Stocks tumbled on Tuesday as investors pared back bets that the Federal Reserve would put the brakes on the economy in coming months as higher-than-expected inflation data led traders to expect interest rates to remain higher for longer.
The S&P 500 index fell more than 1%, the only day this year to see such a large drop, while optimism about economic resilience and corporate profits continued to push the stock market to new highs.
Investors still expect the Fed to bring inflation back to manageable levels without causing too much pain to the overall economy.

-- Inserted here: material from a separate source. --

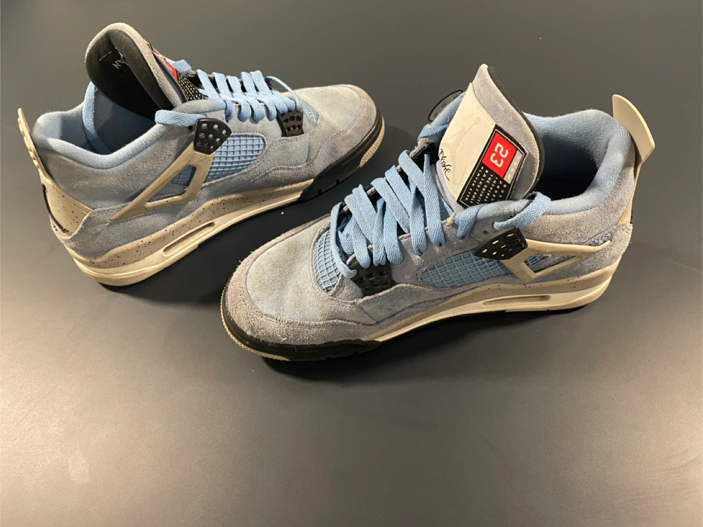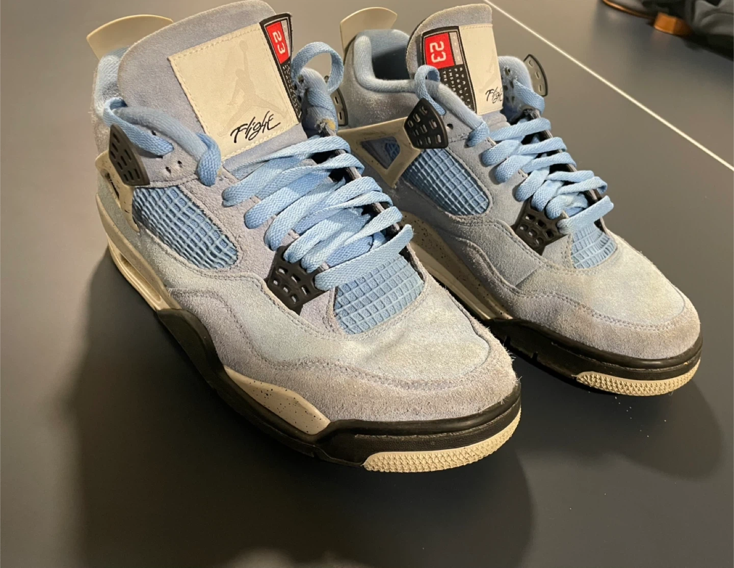 10Selling a pair of Air Jordan 4 Retro in the University Blue colourway. They're in great condition and ready for a new home! Size 10 US

But that forecast came under pressure after Tuesday’s consumer inflation report showed prices were rising faster than expected.
Greg Wilensky, head of U.S. fixed income at Janus Henderson Investors, said the consumer data was “stronger than either the Fed or the market wanted or expected.”

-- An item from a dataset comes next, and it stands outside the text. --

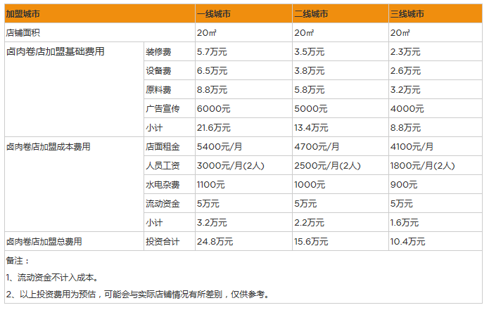 開家鹵肉卷店投資一般需要多少錢?20㎡投資11萬,詳情數據分析

The longer inflation remains elevated, the longer the Fed will delay cutting interest rates, putting pressure on an economy that is starting to show some signs of weakness and dampening enthusiasm on Wall Street.
The two-year Treasury yield, which is sensitive to changes in investors’ interest rate expectations, jumped a tenth of a percentage point to about 4.6%, a sharp move in the market.
As market interest rates rise, the value of the dollar also rises, putting pressure on currencies around the world, with the yen approaching its lowest level since November last year.
Amid volatile trading conditions, some companies have chosen to suspend new debt issuances, preferring to wait until the market stabilizes.
Citi equity analyst Stuart Kaiser said the inflation data was “not a game changer” but could push stocks to tighten in the short term as investors give up hope of a rate cut. Print is obviously not a good thing,” he said.
At the beginning of this year, investors believed that the Federal Reserve was likely to start cutting interest rates next month after inflation continued to decline sharply. Investors have now given up bets on a rate cut in March, delaying expectations until after the Federal Reserve’s May meeting. Until the next show in June.
Seema Shah, chief global strategist at Principal Asset Management, said, “A rate cut in March is completely off the agenda. But if economic activity plays out and finally starts to show that before the Fed tightening policy, then the May rate cut may still play a role.”
Investors and analysts are keen to point out that an inflation report will not dash hopes that the economy will avoid a severe recession.
A Bank of America survey of fund managers released on Tuesday showed optimism rose to its highest level since April 2022, shortly after the Federal Reserve began raising interest rates. Investors have been pouring cash into global equities, as evidenced by the fact that allocations to U.S. stocks reached their highest levels since November 2021, surveys showed.
But some investors worry that the economy has not yet felt the full impact of the Fed’s rate hikes, raising the risk that delaying a rate cut could plunge the economy into a downturn.
The Russell 2000 index, which tracks a host of small companies closely tied to the health of the domestic economy, fell more than 3% on Tuesday after rising sharply in recent sessions.
If the index sustains these losses into the close, it would be its worst single-day performance since September 2022.